Records contained in a dataset
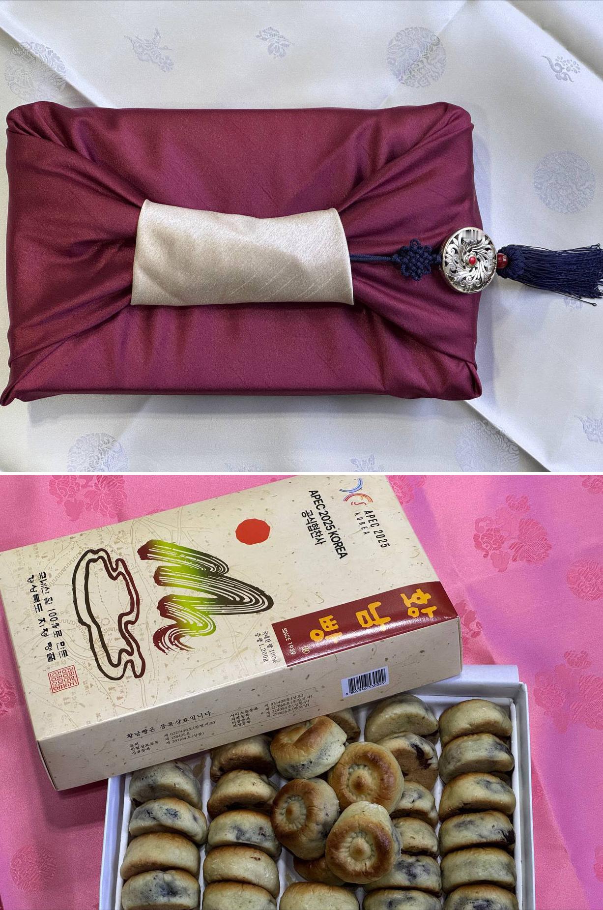 韩国在APEC峰会送的“伴手礼”——庆州特产“皇南饼”,据了解,皇南饼以柔软的外皮和香甜的红豆馅著称,是庆州最具代表性的传统糕点之一。
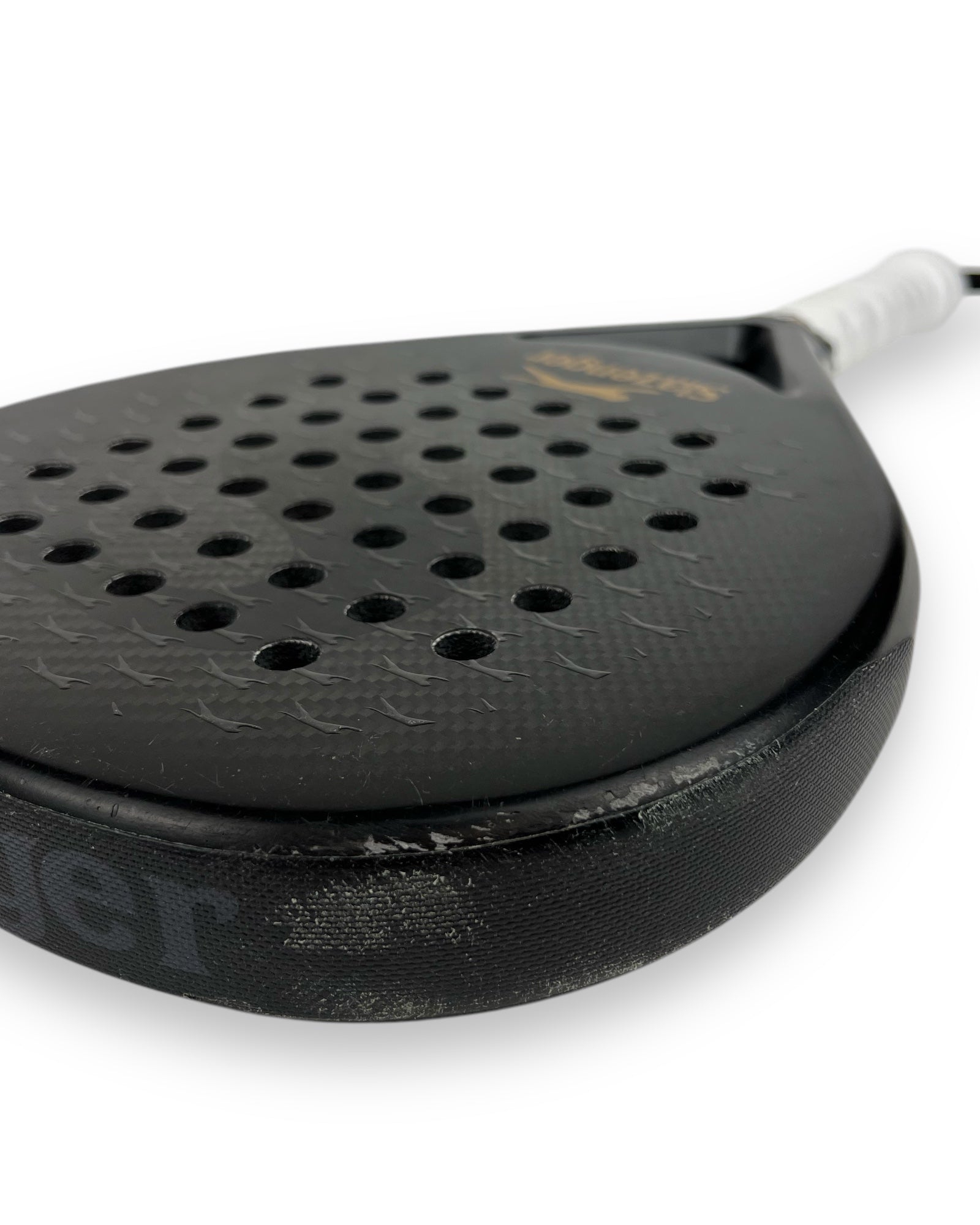 Racket är handgjort i Barcelona, Spanien med högsta kvalitet. Det reducerar även vibrationer på ett effektivt sätt vilket gör att skaderisken i armbågen reduceras.
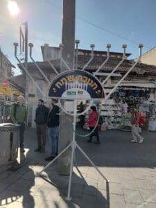 אך אלה עדיין לא מתחברים לליבנו. שליחי חב"ד הנאמנים, העמידו את חנוכיותיהם הסמליות בפתחו של רחוב מחנה יהודה ובקצהו השני להדלקה משותפת ורבתית.
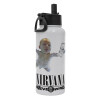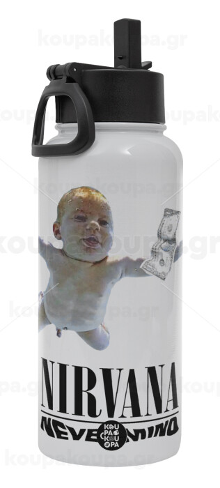 Nirvana nevermind, Μεταλλικό παγούρι θερμός Λευκό με καλαμάκι και χερούλι (Stainless steel), διπλού τοιχώματος, 950ml
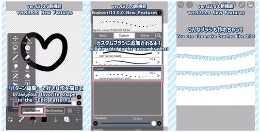 ユーザーオリジナルのブラシパターンを作成できる新機能が追加されました。これにより、既存のブラシをアレンジし好みにカスタマイズしたり、新しいブラシを作ったりすることが可能になりました。ブラシパターンを作成する専用のキャンバスで自由にパターンをデザインし保存をするだけで、作成したブラシパターンがブラシウィンドウに追加され、自作ブラシの使用はもちろん、他のユーザーと共有できるようになります。この新機能で、ユーザーの皆さまが自分だけのブラシを作成できるなど、さらに幅広い表現を可能にしました。
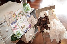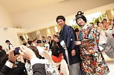 新婦様一番のこだわりが衣裳。ウェディングドレスは袖の長いアンティークな雰囲気のものをご希望されていました。試着でイメージにあう一着を見つけられすぐにご決定。またお色直しはお母様のご希望でもあった和装に。古典柄でイメージにぴったりの色打掛にご決定されました。ヘアメイクも、クラシカルなボンネでの挙式から、生花の大きなヘッドパーツでのパーティ入場、さらに和装では黒髪ウィッグでイメージチェンジされました。

▸ Activity
Repeat only what lies between the start of the data and the end of the line containing "Nirvana nevermind, Μεταλλικό", exactly, with pictures left out.

▸ Response to this exercise
 韩国在APEC峰会送的“伴手礼”——庆州特产“皇南饼”,据了解,皇南饼以柔软的外皮和香甜的红豆馅著称,是庆州最具代表性的传统糕点之一。
 Racket är handgjort i Barcelona, Spanien med högsta kvalitet. Det reducerar även vibrationer på ett effektivt sätt vilket gör att skaderisken i armbågen reduceras.
 אך אלה עדיין לא מתחברים לליבנו. שליחי חב"ד הנאמנים, העמידו את חנוכיותיהם הסמליות בפתחו של רחוב מחנה יהודה ובקצהו השני להדלקה משותפת ורבתית.
 Nirvana nevermind, Μεταλλικό παγούρι θερμός Λευκό με καλαμάκι και χερούλι (Stainless steel), διπλού τοιχώματος, 950ml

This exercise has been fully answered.